Pulse has built a product that is optimized for suffering.
Not because anyone is malicious. Because they chose a metric that was measurable, and then forgot to ask what it was actually measuring.
Metrics are lenses, not truths
This is the thing I try to burn into students before we ever talk about North Star frameworks or DAU/MAU ratios: a metric is a lens. It reveals some things and hides others. The moment you forget that, the metric becomes the territory — and the territory quietly rots.
The classic teaching on this is Goodhart's Law: when a measure becomes a target, it ceases to be a good measure. But Goodhart is about gaming. What Pulse illustrates is different. No one is gaming the metric. Everyone is trying their best. The metric is just... the wrong lens.

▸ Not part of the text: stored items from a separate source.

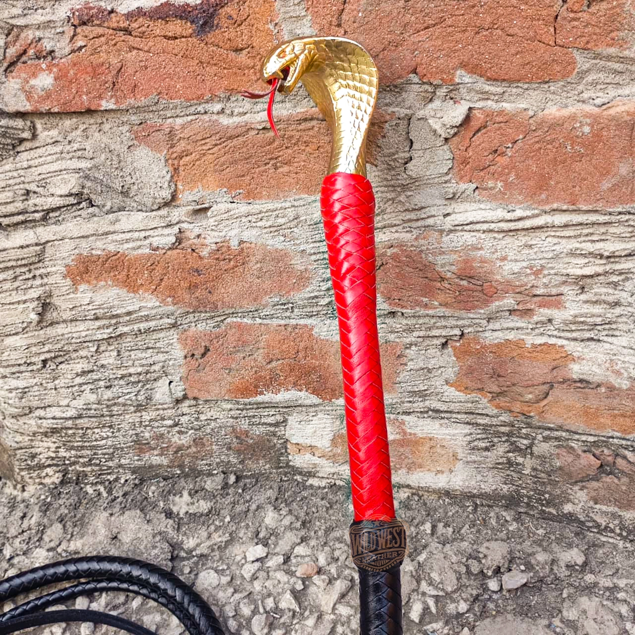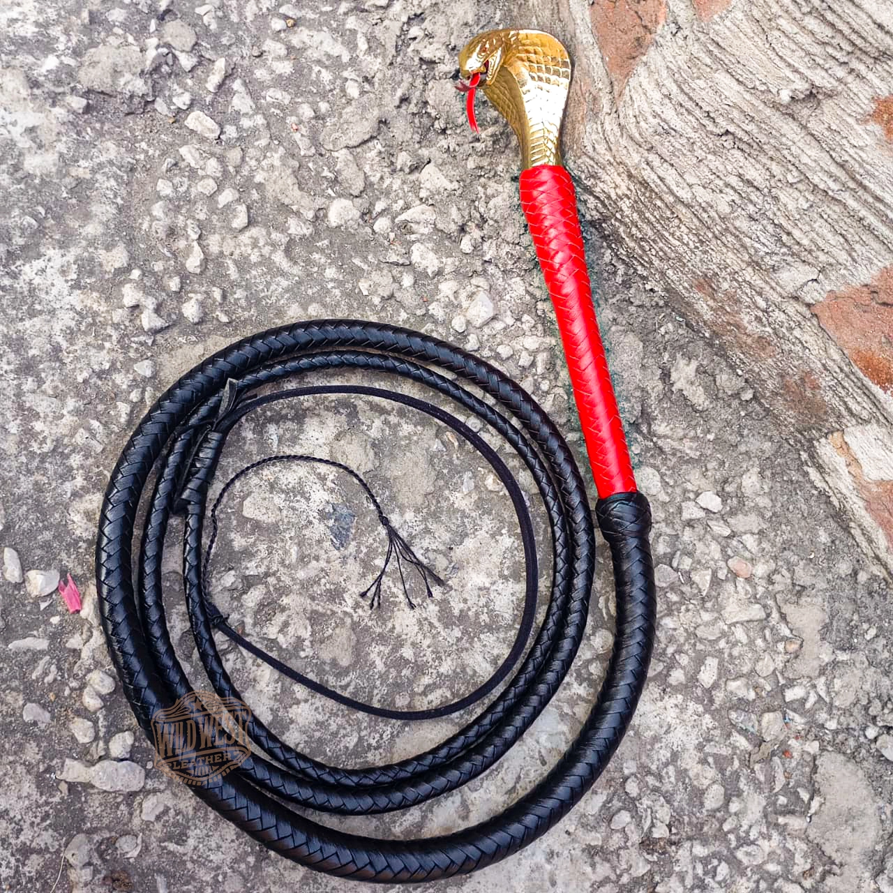 Introducing our Pommeled Golden Snake Head Bullwhip in stunning black and red, designed for enthusiasts and collectors seeking a high-quality whip. This Australian style professional bullwhip combines premium craftsmanship with exceptional performance, making it perfect for both practice and display.
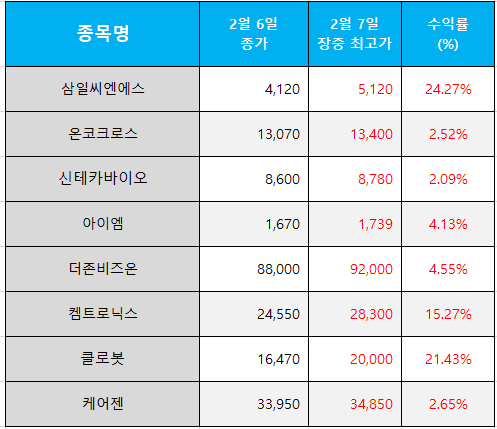 | 오늘의 관심 종목 수익률(2025.02.06) (0) | 2025.02.06 |
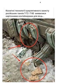 La lettera è stata pubblicata, integralmente, nel sito istituzionale dell’Agenzia nazionale (NAPC). All’interno vengono riportate alcune foto, come prova dell’impatto subito dalle forze russe a seguito del presunto furto del Ministro Sergei Shoigu. In una di queste (a pagina 4) mostrerebbe alcune protezioni di un carro russo realizzate con il cartone delle uova, come quelle che compriamo comunemente al supermercato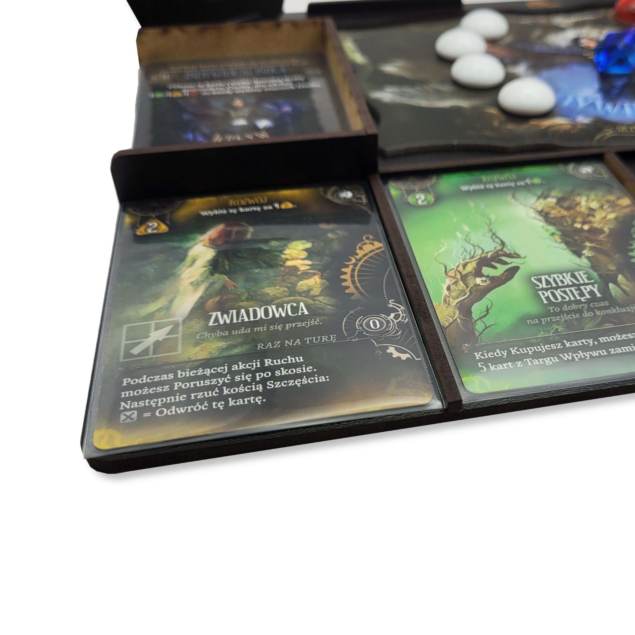 - Wszystko jest tak zaprojektowane, aby pomieściły się karty w koszulkach.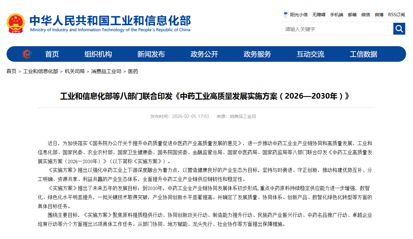《實(shí)施方案》提出了未來五年的發(fā)展目標(biāo):到2030年,中藥工業(yè)全產(chǎn)業(yè)鏈協(xié)同發(fā)展體系初步形成,重點(diǎn)中藥原料持續(xù)穩(wěn)定供應(yīng)能力進(jìn)一步增強(qiáng),數(shù)智化綠色化水平明顯提升,一批關(guān)鍵技術(shù)取得突破,產(chǎn)業(yè)協(xié)同創(chuàng)新水平顯著提高。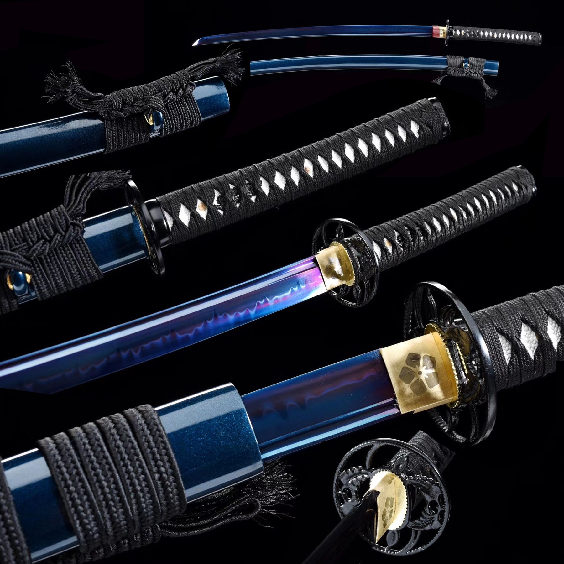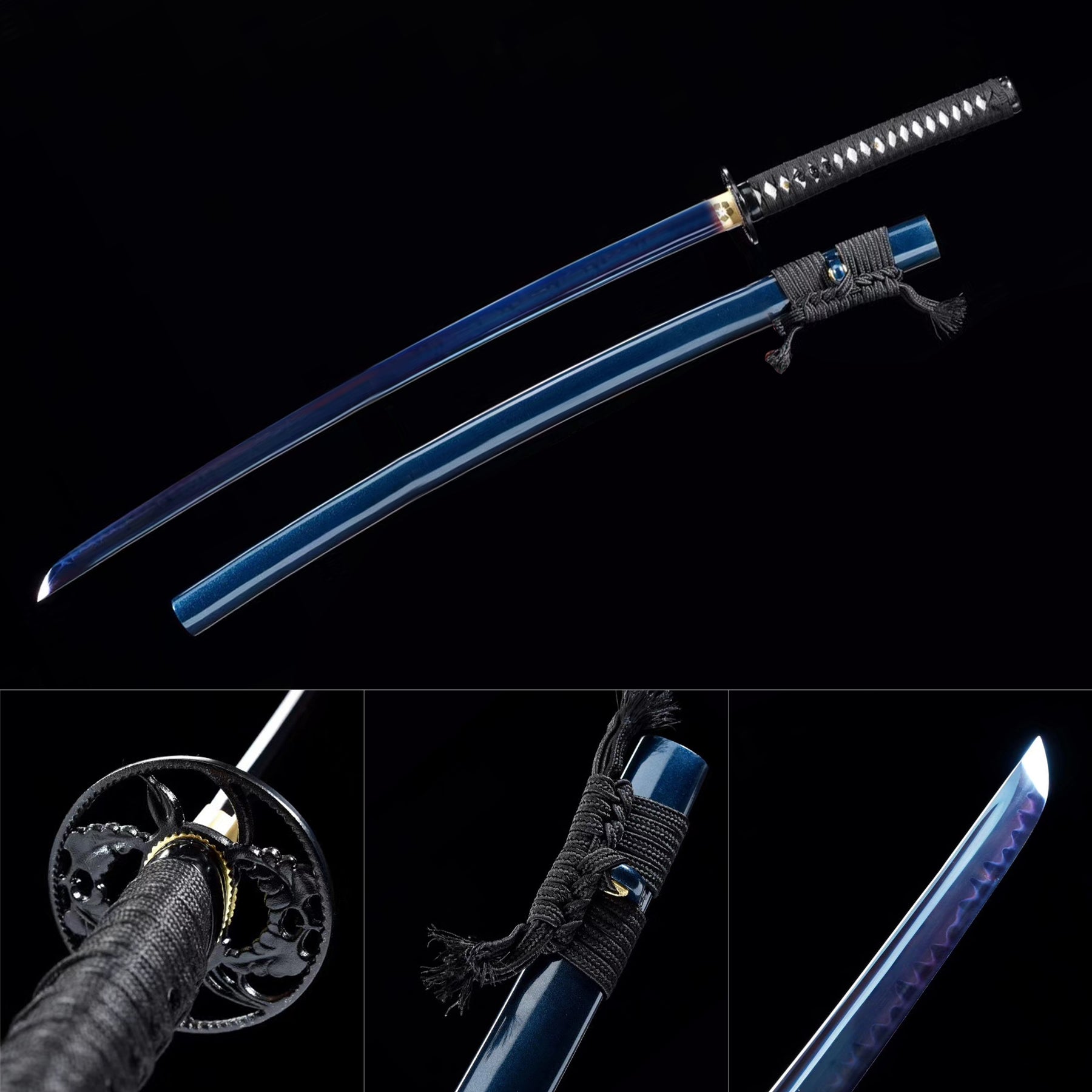 41" Hand Forged Katana Clay Tempered Color Treated Blue Japanese Samurai Swords
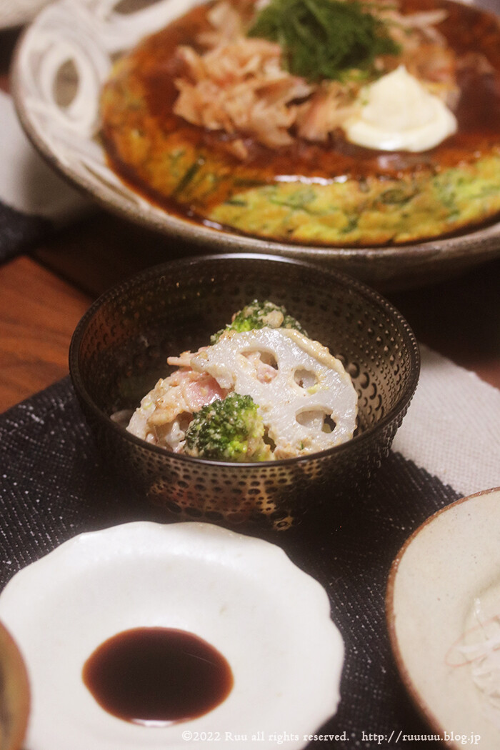 そして、れんこんとブロッコリーのサラダも食べて、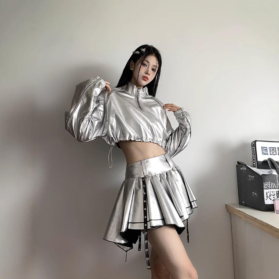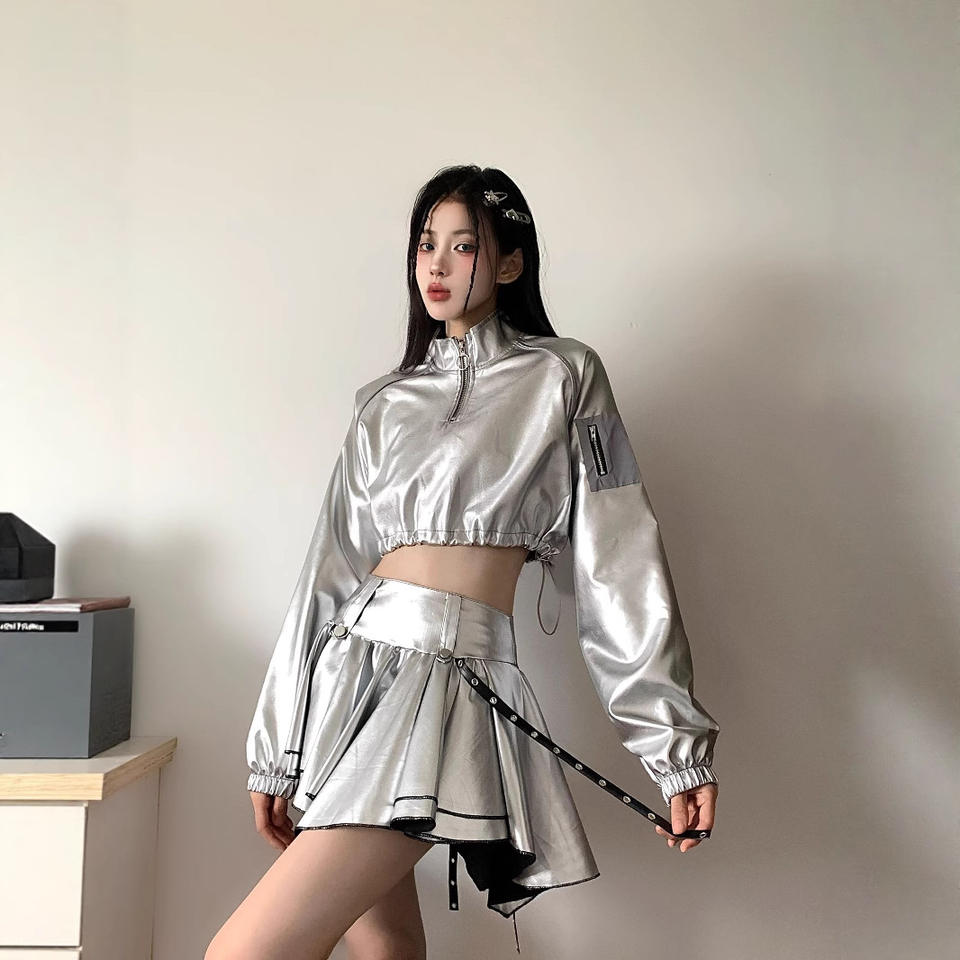 Spicy Girl Silver Cotton Long-sleeve Cropped Sweatshirt High-waist Skirt Performance Jazz Dance DS Street Dance Women's Outfit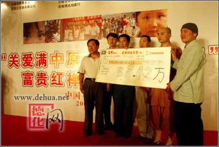 競拍結(jié)束后,在拍賣行工作人員的統(tǒng)計(jì)結(jié)束后,河南省富貴紅貿(mào)易公司現(xiàn)場將支票交給少林寺慈幼院的負(fù)責(zé)人,將為慈幼院的孤兒們捐建一座圖書館。

The dashboard was green because engagement was up. Engagement was up because distress was up. The product had become a very efficient amplifier of anxiety.
The question I can't stop asking
Here's what I find genuinely unsettling about Pulse: it's not a cautionary tale about a hypothetical product. It's a pattern I see everywhere once you start looking.
Social media platforms that optimize for time-on-site, and find that outrage drives the most time. E-commerce recommendation engines that optimize for click-through, and find that novelty drives clicks, so they never show you the product that would actually satisfy you. Productivity apps that optimize for streaks, and find that guilt drives streaks, so people open the app at 11:58pm just to check a box.
The best metric. The worst product.
The puzzle I keep returning to is this: how do you build a measurement system that is honest about what it cannot see? How do you create dashboards that tell you when to be worried even when all the numbers are green?
I don't have a complete answer. I have a framework I teach. But the framework is less important than the habit of mind — the practice of always asking: what would the world look like if this metric was lying to me?
That's the question I want product managers to carry into every review meeting, every planning cycle, every feature decision. Not as paranoia. As epistemic hygiene.
The dashboards can be green. The product can be dying. Your job is to know the difference.